Investigação de Contatos na Tuberculose Pulmonar

SUS-BA - Sistema Único de Saúde da Bahia — Prova 2015

Enunciado

Homem, 34 anos de idade, boliviano, com três filhos menores de idade e esposa, também boliviana, morando todos no mesmo domicílio, um apartamento de quarto e sala, apresenta quadro de tosse produtiva há 6 semanas e é atendido na Unidade de Pronto Atendimento, UPA. O paciente se alimenta mal e não fuma, embora trabalhe cerca de 10 horas por dia em uma confecção de roupas com outros cinco conterrâneos, dos quais três são fumantes. A situação do paciente é irregular no Brasil, trabalhando em atividade informal, sem carteira assinada, razão pela qual não procurou atendimento médico antes. Um RX de tórax realizado na UPA mostra imagem de cavitação em ápice de pulmão esquerdo. Diante do exposto, identifique, nesse caso, para fins de Vigilância Epidemiológica, os considerados contactantes.

Alternativas

Pérola Clínica

Contato de TB = exposição em ambiente fechado, prolongado e com alta carga bacilar (cavitação).

Resumo-Chave

A investigação de contatos visa identificar infecção latente ou doença ativa em todos que compartilham o domicílio e o ambiente de trabalho insalubre com o caso índice.

Contexto Educacional

A tuberculose continua sendo um desafio de saúde pública, especialmente em populações vulneráveis e imigrantes em situações de precariedade laboral. A vigilância epidemiológica atua na quebra da cadeia de transmissão através da busca ativa. O caso ilustra a importância de considerar o ambiente de trabalho como local de risco, especialmente em setores como o têxtil, onde a ventilação costuma ser inadequada e a carga horária extensa. O manejo adequado envolve não apenas o tratamento do caso índice, mas a avaliação criteriosa de todos os contatos. A identificação da Infecção Latente por Tuberculose (ILTB) e o tratamento preventivo são pilares para a eliminação da doença, reduzindo a probabilidade de reativação futura. O médico deve estar atento às barreiras de acesso à saúde enfrentadas por pacientes em situação irregular, garantindo o sigilo e a continuidade do cuidado.

Perguntas Frequentes

Quem é considerado contato de um caso de tuberculose?

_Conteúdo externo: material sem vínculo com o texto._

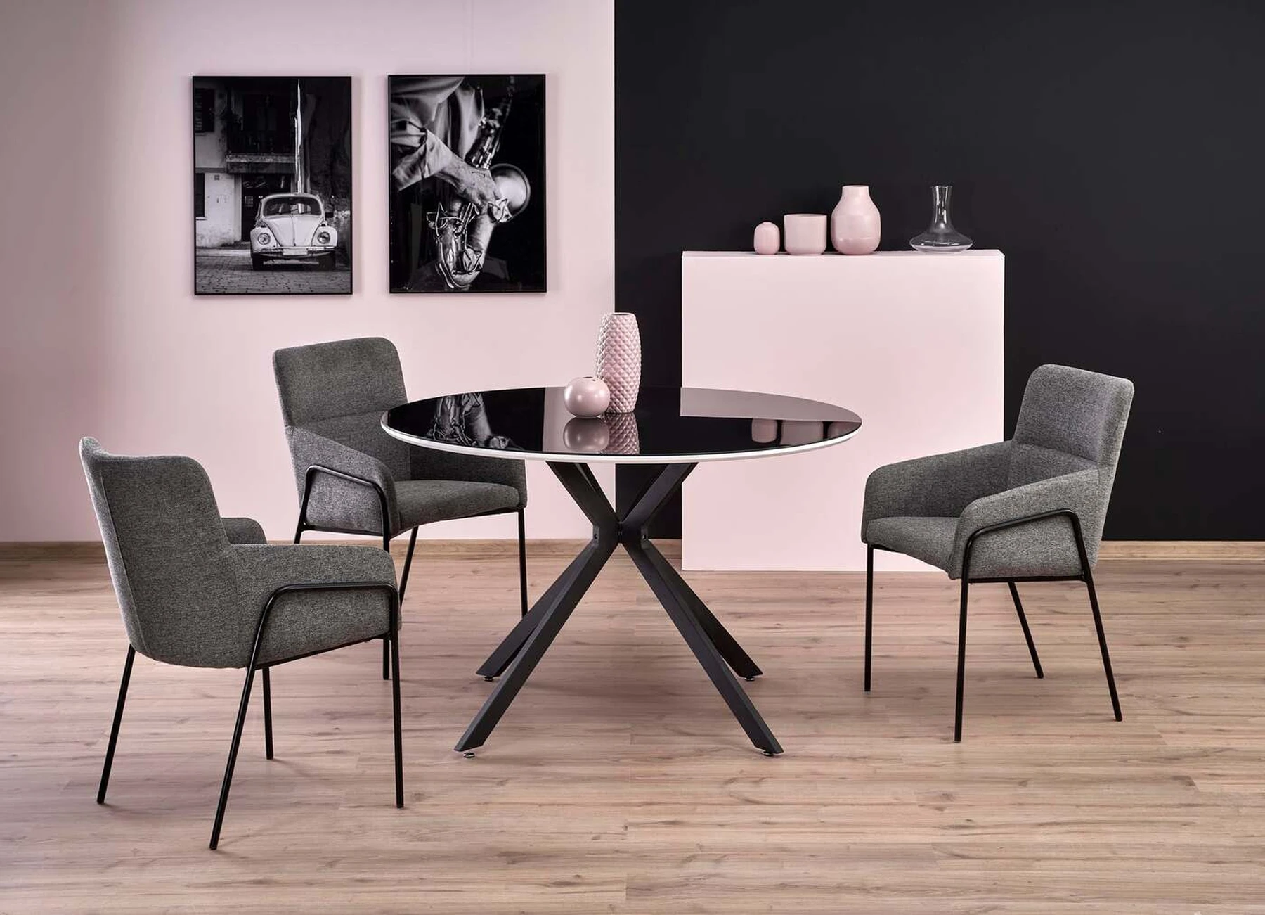 matmenys: fi120/76 cm, medžiaga: stiklas / lakuotas MDF / milteliniu būdu dažytas plienas, spalva: viršus - juoda / balta, kojos - juodos

É considerada contato toda pessoa que convive no mesmo ambiente que o caso de tuberculose (índice) no momento do diagnóstico. A prioridade de investigação é dada aos contatos domiciliares e àqueles com exposição prolongada (geralmente > 200 horas) em ambientes fechados, como locais de trabalho ou instituições. No caso clínico, tanto a esposa e os filhos quanto os cinco colegas de trabalho da confecção são considerados contatos devido à carga bacilar sugerida pela cavitação e ao tempo de exposição diária de 10 horas.

Como deve ser feita a triagem inicial dos contatos?

A triagem inicial deve focar na identificação de sintomas respiratórios (tosse, febre, sudorese noturna). Sintomáticos devem realizar baciloscopia ou Teste Rápido Molecular (TRM-TB) e radiografia de tórax imediatamente. Assintomáticos devem realizar a prova tuberculínica (PPD) ou o IGRA para avaliar a presença de Infecção Latente por Tuberculose (ILTB). Se o PPD for positivo e a radiografia de tórax normal, o tratamento da ILTB deve ser considerado conforme a idade e comorbidades.

Qual a relevância da cavitação no ápice pulmonar para a vigilância?

A presença de cavitação no RX de tórax é um marcador de alta carga bacilar e maior infectividade. Pacientes com formas cavitárias tendem a eliminar uma quantidade significativamente maior de bacilos de Koch (Mycobacterium tuberculosis) pela tosse, aumentando o risco de transmissão para os contatos. Isso torna a busca ativa e a investigação de todos os indivíduos expostos ainda mais urgente para interromper a cadeia de transmissão na comunidade.